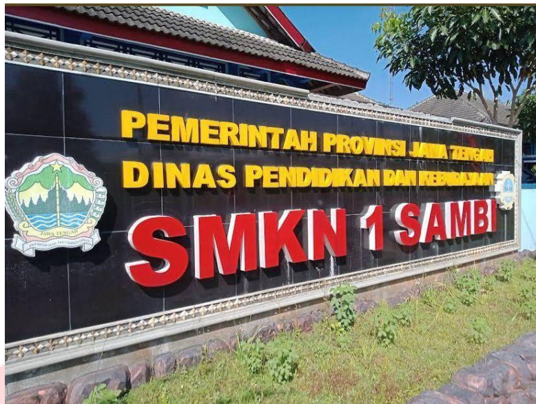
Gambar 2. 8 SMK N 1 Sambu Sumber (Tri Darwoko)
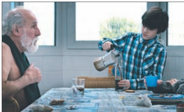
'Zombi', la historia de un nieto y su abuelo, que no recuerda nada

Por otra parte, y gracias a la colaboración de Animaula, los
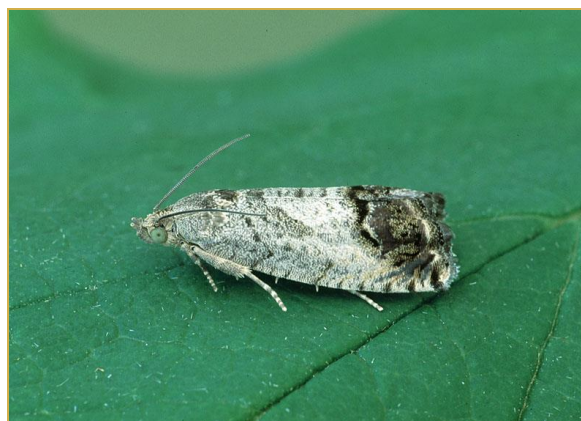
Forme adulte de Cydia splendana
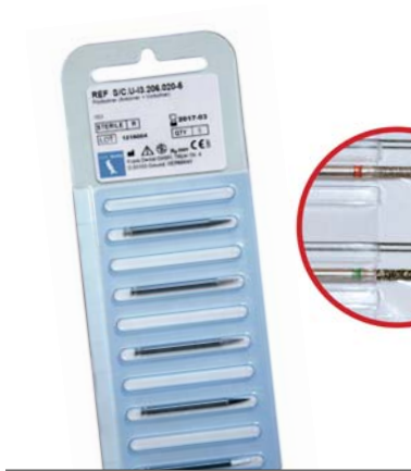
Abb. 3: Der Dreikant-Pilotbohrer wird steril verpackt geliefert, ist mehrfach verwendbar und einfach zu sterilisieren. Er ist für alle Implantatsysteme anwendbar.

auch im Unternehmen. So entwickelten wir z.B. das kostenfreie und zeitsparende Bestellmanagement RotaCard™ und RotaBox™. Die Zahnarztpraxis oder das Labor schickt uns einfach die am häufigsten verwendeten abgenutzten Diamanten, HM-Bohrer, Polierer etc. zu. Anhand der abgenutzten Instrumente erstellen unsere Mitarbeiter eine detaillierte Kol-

━━━━━━━━

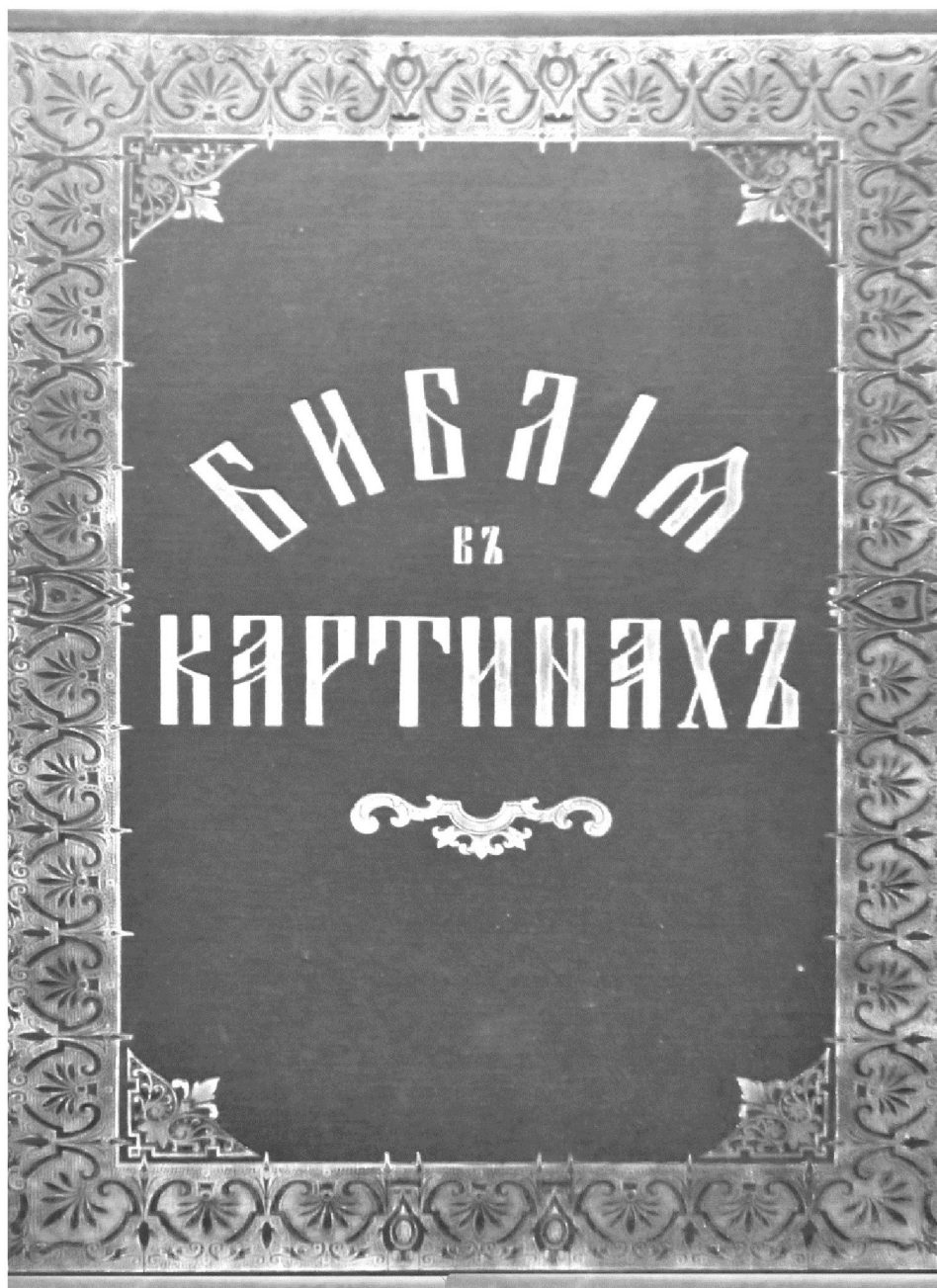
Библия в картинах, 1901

━━━━━━━━

- **Assigned task**:
Pictures in the entries do not go into the copy. Print only the lines starting at the one containing "Gambar 2. 8" and ending at the one containing "auch im Unternehmen.", exactly as they appear.

- **Result**:
Gambar 2. 8 SMK N 1 Sambu Sumber (Tri Darwoko)
'Zombi', la historia de un nieto y su abuelo, que no recuerda nada

Por otra parte, y gracias a la colaboración de Animaula, los
Forme adulte de Cydia splendana
Abb. 3: Der Dreikant-Pilotbohrer wird steril verpackt geliefert, ist mehrfach verwendbar und einfach zu sterilisieren. Er ist für alle Implantatsysteme anwendbar.

auch im Unternehmen. So entwickelten wir z.B. das kostenfreie und zeitsparende Bestellmanagement RotaCard™ und RotaBox™. Die Zahnarztpraxis oder das Labor schickt uns einfach die am häufigsten verwendeten abgenutzten Diamanten, HM-Bohrer, Polierer etc. zu. Anhand der abgenutzten Instrumente erstellen unsere Mitarbeiter eine detaillierte Kol-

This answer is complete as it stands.